We just need more plants rich in pollen and nectar in our gardens, balconies, allotments, farms, and in the landscape around our homes and across our towns and cities.
2. Let it grow wild
Leave patches of land to grow wild with plants like stinging nettles and dandelions to provide other food sources (such as leaves for caterpillars) and breeding places for butterflies and moths.
As land managers and gardeners, you can take simple actions to manage your existing land, green spaces and gardens to provide food sources and/or breeding places for pollinators. Have a look what you can do today.
3. Cut grass less often
Cut grass less often and ideally remove the cuttings to allow plants to flower.
Native flowering plants in grass areas, field corners, verges and specially sown flower-rich habitats support the greatest diversity of insect pollinators by providing nectar and pollen resources, places to nest or breed and leaves for caterpillars. Hence it’s important to get the management right.
4. Don't disturb insect nests and hibernation spots
Avoid disturbing or destroying nesting or hibernating insects, in places like grass margins, bare soil, hedgerows, trees, dead wood or walls.
As well as making sure there are adequate food resources throughout the year for insect pollinators, it is also important to make sure they can nest in safety so that they and the next generation can survive overwinter, to start again in the following spring.
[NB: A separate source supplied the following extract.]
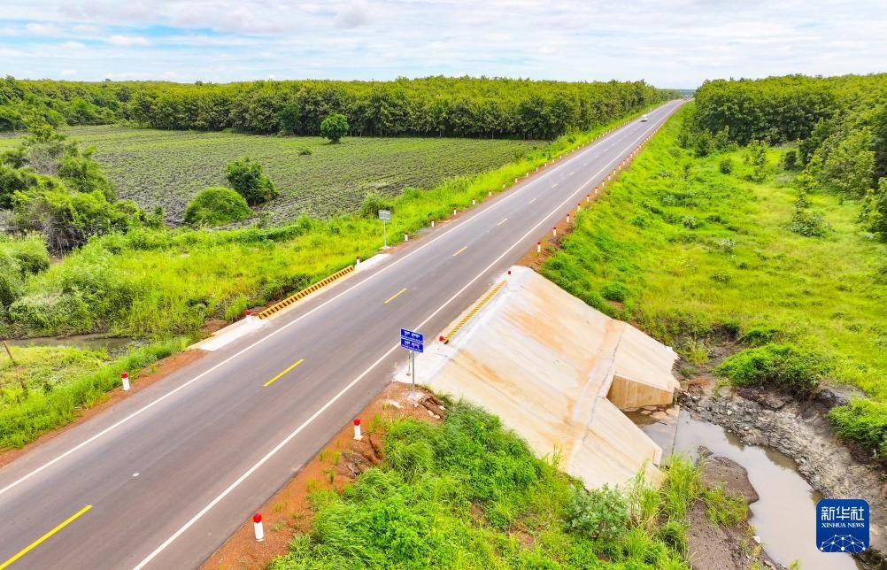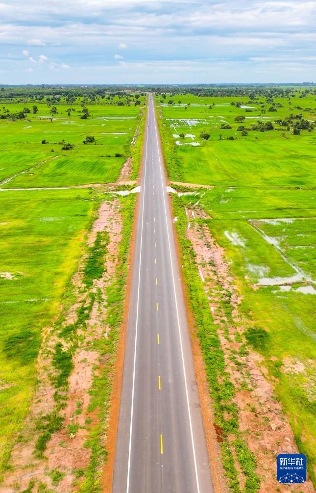 這是2024年7月14日在柬埔寨特本克蒙省拍攝的71C號(hào)國家公路(無人機(jī)照片)。新華社發(fā)(尼多拉攝)

5. Think carefully about whether to use pesticides
Think carefully about whether to use pesticides especially where pollinators are active or nesting or where plants are in flower. Consider control methods appropriate to your situation and only use pesticides if absolutely necessary. Many people choose to avoid chemicals and adopt methods like physically removing pests or using barriers to deter them. If you choose to use a pesticide, always follow the label instructions.